1 Loading Processed Single-Cell Data

For the demonstration of escape, we will use the example “pbmc_small” data from Seurat and also generate a SingleCellExperiment object from it.

suppressPackageStartupMessages(library(escape))
suppressPackageStartupMessages(library(SingleCellExperiment))
suppressPackageStartupMessages(library(scran))
suppressPackageStartupMessages(library(Seurat))
suppressPackageStartupMessages(library(SeuratObject))
suppressPackageStartupMessages(library(RColorBrewer))
suppressPackageStartupMessages(library(ggplot2))


pbmc_small <- get("pbmc_small")
sce.pbmc <- as.SingleCellExperiment(pbmc_small, assay = "RNA")

2 Getting Gene Sets

2.1 Option 1: Molecular Signature Database

The first step in the process of performing gene set enrichment analysis is identifying the gene sets we would like to use. The function getGeneSets() allows users to isolate a whole or multiple libraries from a list of GSEABase GeneSetCollection objects.

We can do this for gene set collections from the built-in Molecular Signature Database by setting the parameter library equal to library/libraries of interest. For multiple libraries, just set library = c(“Library1”, “Library2”, etc).

Additional parameters include:

  • subcategory Can be used to select subcategories in the larger database.
  • gene.sets Can select individual pathways/gene sets to be isolated.

If the sequencing of the single-cell data is performed on a species other than “Homo sapiens”, make sure to use the species parameter in getGeneSets() in order to get the correct gene nomenclature.
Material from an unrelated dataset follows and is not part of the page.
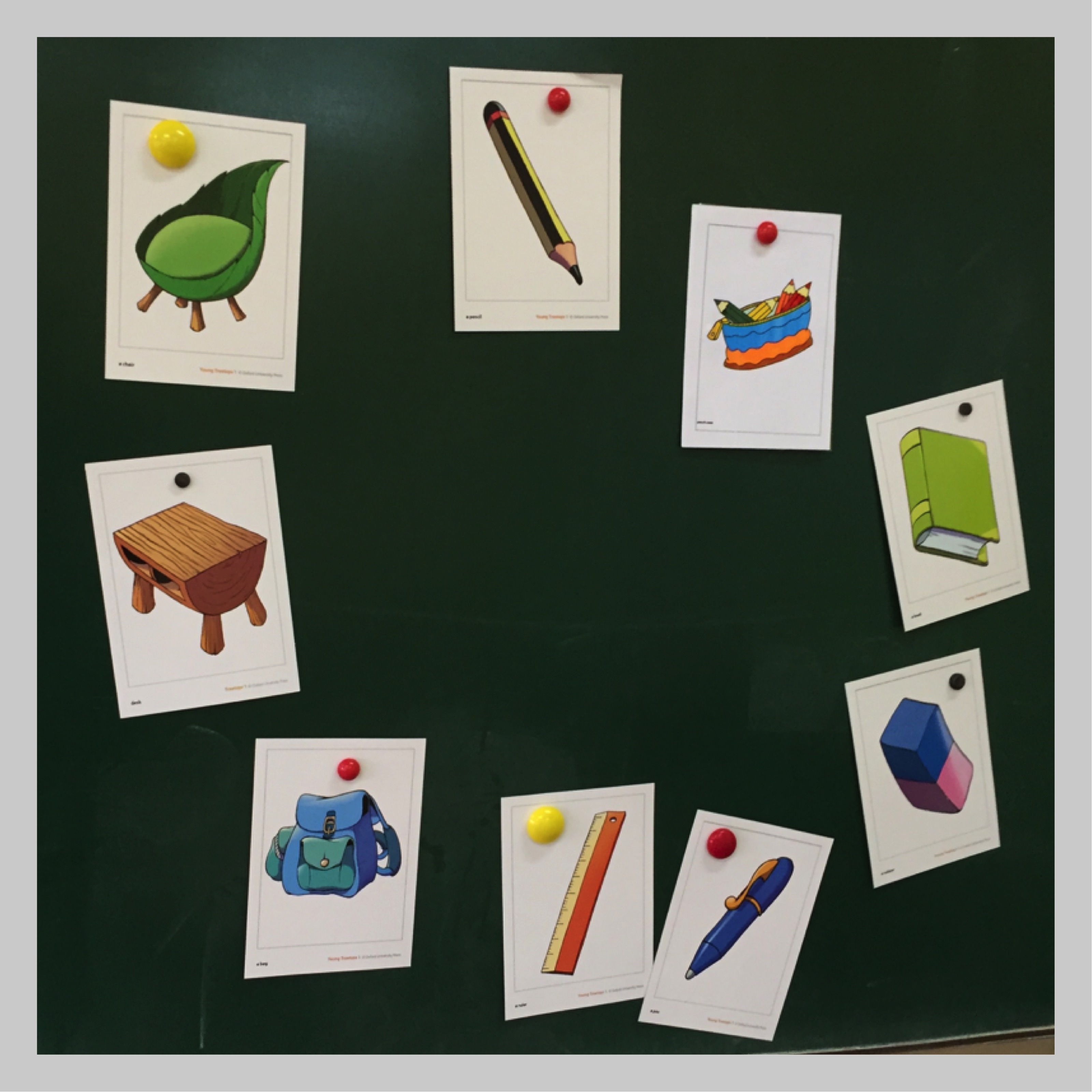 Potem właśnie przy pomocy miniflashcards (małych kart obrazkowych) zagraliśmy sobie w Put in/put on. Najpierw przypomniałam dzieciom te dwa przyimki przy pomocy dwóch rysunków zawieszonych na tablicy – plecaka i krzesła. Po kolei wyjmowałam z woreczka kolejne przedmioty szkolne i mówiąc Put the pencil in the bag, Put the pen on the chair wkładałam lub kładłam przedmioty w odpowiednim miejscu. Dzieci siedząc na dywanie nie widzą, że przedmioty mają z tyłu przylepioną masę mocującą (tack), więc mogę je przylepiać do rysunku. Plecak zaś ma zrobione kieszenie, więc mogę też do niego wkładać rzeczy. Prosty pomysł, a ja cieszę się „jak dziecko”, gdy rok w rok moi mali uczniowie dopytują się: „A jak pani to robi?” It’s a secret” albo „It’s magic” – odpowiadam i zawsze jedno z odważnych (lub tych mniej „grzecznych”, jak kto woli) podchodzi do tablicy sprawdzić co to za „magia” 😃. Czasami też, tak jak w zeszłym roku, używam mojego plecaczka z kartonowymi modelami przedmiotów, które wkładam i nakładam na siebie, albo wkładam do woreczka i bawię się w co jest w worku („What’s in the bag?”).

GS.hallmark <- getGeneSets(library = "H")

2.2 Option 2: Built-In gene sets

data("escape.gene.sets", package="escape")
gene.sets <- escape.gene.sets

2.3 Option 3: Define personal gene sets

gene.sets <- list(Bcells = c("MS4A1","CD79B","CD79A","IGH1","IGH2")
                        Myeloid = c("SPI1","FCER1G","CSF1R"),
                        Tcells = c("CD3E", "CD3D", "CD3G", "CD7","CD8A"))
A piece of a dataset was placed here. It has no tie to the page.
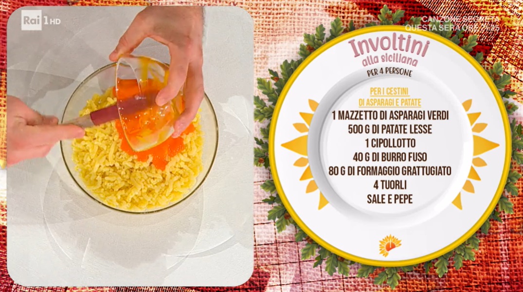 - 1 mazzetto asparagi verdi, 500 g patate lesse, 1 cipollotto, 40 g burro fuso, 80 g formaggio grattugiato, 4 tuorli, sale e pepe

3 Performing Enrichment Calculation

Several popular methods exist for Gene Set Enrichment Analysis (GSEA). These methods can vary in the underlying assumptions. escape incorporates several methods that are particularly advantageous for single-cell RNA values:

3.0.1 ssGSEA

This method calculates the enrichment score using a rank-normalized approach and generating an empirical cumulative distribution function for each individual cell. The enrichment score is defined for a gene set (G) using the number of genes in the gene set (NG) and total number of genes (N).

\[ ES(G,S) \sum_{i = 1}^{n} [P_W^G(G,S,i)-P_{NG}(G,S,i)] \] Please see the following citation for more information.

3.0.2 GSVA

GSVA varies slightly by estimating a Poisson-based kernel cumulative density function. But like ssGSEA, the ultimate enrichment score reported is based on the maximum value of the random walk statistic. GSVA appears to have better overall consistency and runs faster than ssGSEA.

\[ ES_{jk}^{max} = V_{jk} [max_{l=1,...,p}|v_{jk}(l)] \] Please see the following citation for more information.

3.0.3 AUCell

In contrast to ssGSEA and GSVA, AUCell takes the gene rankings for each cell and step-wise plots the position of each gene in the gene set along the y-axis. The output score is the area under the curve for this approach.

Please see the following citation for more information.

3.0.4 UCell

UCell calculates a Mann-Whitney U statistic based on the gene rank list. Importantly, UCell has a cut-off for ranked genes (\[r_{max}\]) at 1500 - this is per design as drop-out in single-cell can alter enrichment results. This also substantially speeds the calculations up.

The enrichment score output is then calculated using the complement of the U statistic scaled by the gene set size and cut-off.

\[ U_j^` = 1-\frac{U_j}{n \bullet r_{max}} \]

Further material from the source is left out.